_Aim of the task:_ Word for word, transcribe the lines below and drop the pictures.

_Dataset excerpt:_
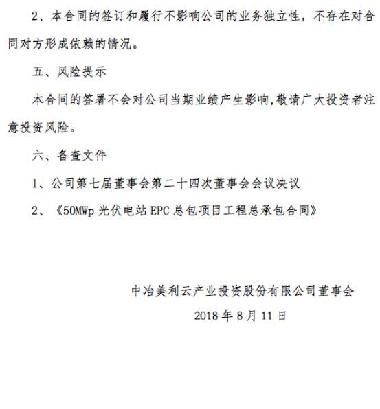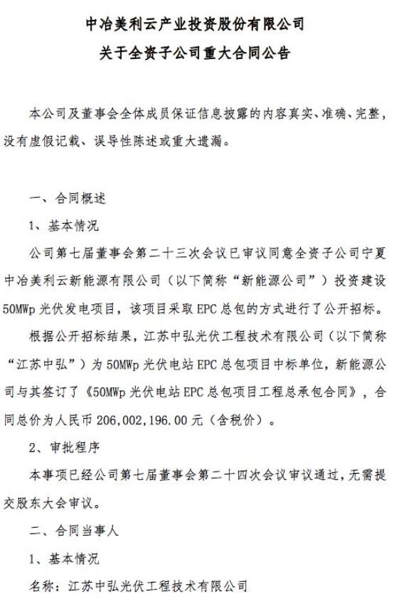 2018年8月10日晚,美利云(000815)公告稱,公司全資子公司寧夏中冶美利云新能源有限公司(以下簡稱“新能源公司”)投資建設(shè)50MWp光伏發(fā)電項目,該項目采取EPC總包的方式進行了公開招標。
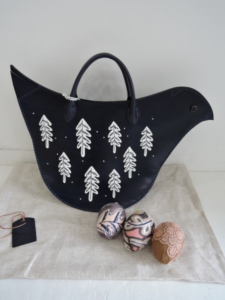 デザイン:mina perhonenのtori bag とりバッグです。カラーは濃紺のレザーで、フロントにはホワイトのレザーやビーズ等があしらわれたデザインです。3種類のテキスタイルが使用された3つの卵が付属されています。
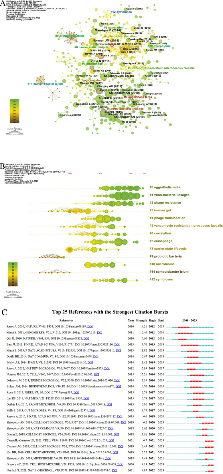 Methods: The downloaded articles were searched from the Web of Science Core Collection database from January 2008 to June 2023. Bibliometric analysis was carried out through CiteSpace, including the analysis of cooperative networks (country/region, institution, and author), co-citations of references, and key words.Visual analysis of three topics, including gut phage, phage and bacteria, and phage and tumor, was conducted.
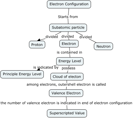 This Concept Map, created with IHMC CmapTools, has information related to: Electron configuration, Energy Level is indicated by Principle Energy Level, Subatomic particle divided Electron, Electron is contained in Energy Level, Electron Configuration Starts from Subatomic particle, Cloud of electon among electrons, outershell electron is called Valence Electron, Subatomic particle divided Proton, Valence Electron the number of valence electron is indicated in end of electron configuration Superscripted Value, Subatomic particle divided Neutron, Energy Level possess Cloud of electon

_Solution for this problem:_
 2018年8月10日晚,美利云(000815)公告稱,公司全資子公司寧夏中冶美利云新能源有限公司(以下簡稱“新能源公司”)投資建設(shè)50MWp光伏發(fā)電項目,該項目采取EPC總包的方式進行了公開招標。
 デザイン:mina perhonenのtori bag とりバッグです。カラーは濃紺のレザーで、フロントにはホワイトのレザーやビーズ等があしらわれたデザインです。3種類のテキスタイルが使用された3つの卵が付属されています。
 Methods: The downloaded articles were searched from the Web of Science Core Collection database from January 2008 to June 2023. Bibliometric analysis was carried out through CiteSpace, including the analysis of cooperative networks (country/region, institution, and author), co-citations of references, and key words.Visual analysis of three topics, including gut phage, phage and bacteria, and phage and tumor, was conducted.
 This Concept Map, created with IHMC CmapTools, has information related to: Electron configuration, Energy Level is indicated by Principle Energy Level, Subatomic particle divided Electron, Electron is contained in Energy Level, Electron Configuration Starts from Subatomic particle, Cloud of electon among electrons, outershell electron is called Valence Electron, Subatomic particle divided Proton, Valence Electron the number of valence electron is indicated in end of electron configuration Superscripted Value, Subatomic particle divided Neutron, Energy Level possess Cloud of electon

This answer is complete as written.